学术文献库

Binary code analysis and comprehension is critical to applications in reverse engineering and computer security tasks where source code is not available. Unfortunately, unlike source code, binary code lacks semantics and is more difficult for human engineers to understand and analyze. In this paper, we present ContraBin, a contrastive learning technique that integrates source code and comment information along with binaries to create an embedding capable of aiding binary analysis and comprehension tasks. Specifically, we present three components in ContraBin: (1) a primary contrastive learning method for initial pre-training, (2) a simplex interpolation method to integrate source code, comments, and binary code, and (3) an intermediate representation learning algorithm to train a binary code embedding. We further analyze the impact of human-written and synthetic comments on binary code comprehension tasks, revealing a significant performance disparity.
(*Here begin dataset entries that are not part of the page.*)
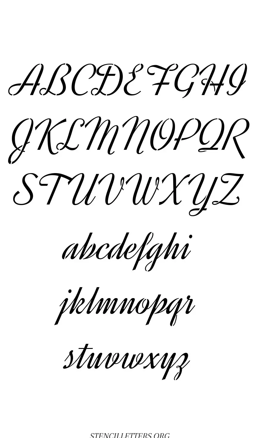 Free printable Retro Vintage Cursive standard and outline version letter stencils are available in jpg format below.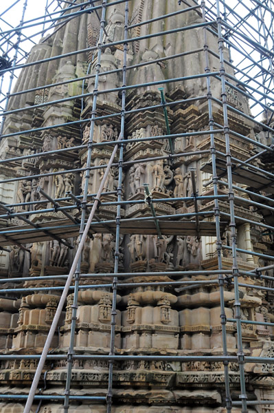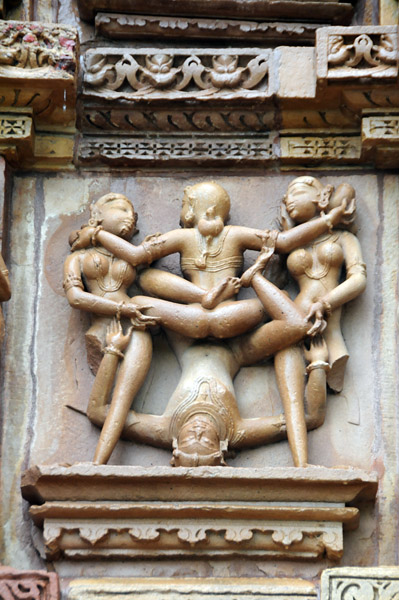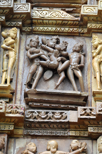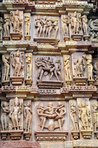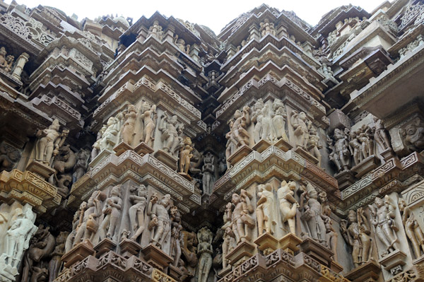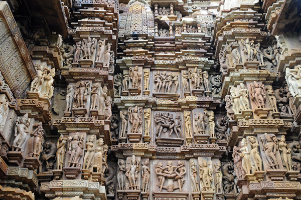 ここはシヴァ神を祭る寺院で、外壁にはミトゥナ像(抱擁する男女)、アプサラス像(天女)などの彫刻で埋め尽くされている。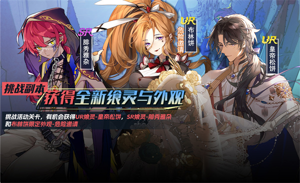 周年庆期间,开启大型副本活动,御侍大人通过挑战活动关卡,有机会获得UR飨灵-皇帝松饼,SR飨灵-腓秀雅杂和布林饼限定外观-危险邀请。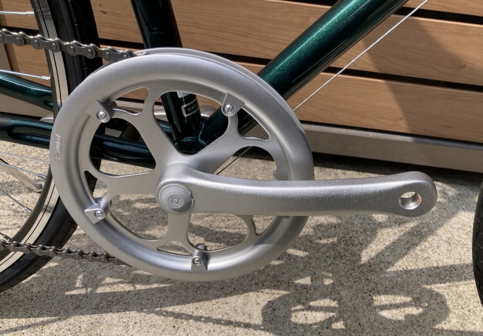 チェーンを挟み込む形でバッシュガードが付いているので、チェーンが外れる心配も少なくて済みますね。ズボンの裾を巻き込む心配も無いので安心です。![]()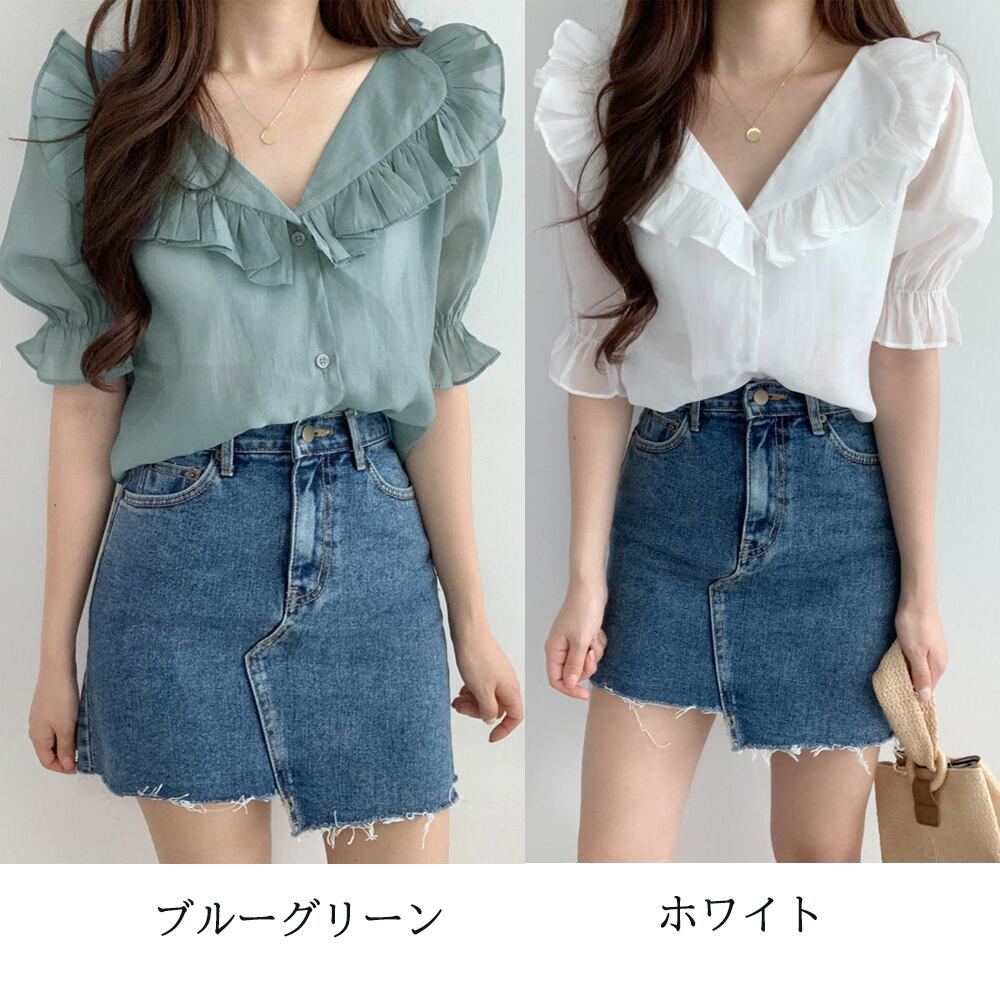 シャツブラウス レディース フリルブラウス 半袖 通勤 可愛い 大人こなれ感 薄手 無地 OL おしゃれ フェミニン韓国

While synthetic comments provide substantial benefits, human-written comments are found to introduce noise, even resulting in performance drops compared to using no comments. These findings reshape the narrative around the role of comment types in binary code analysis. We evaluate the effectiveness of ContraBin through four indicative downstream tasks related to binary code: algorithmic functionality classification, function name recovery, code summarization, and reverse engineering. The results show that ContraBin considerably improves performance on all four tasks, measured by accuracy, mean of average precision, and BLEU scores as appropriate. ContraBin is the first language representation model to incorporate source code, binary code, and comments into contrastive code representation learning and is intended to contribute to the field of binary code analysis. The dataset used in this study is available for further research.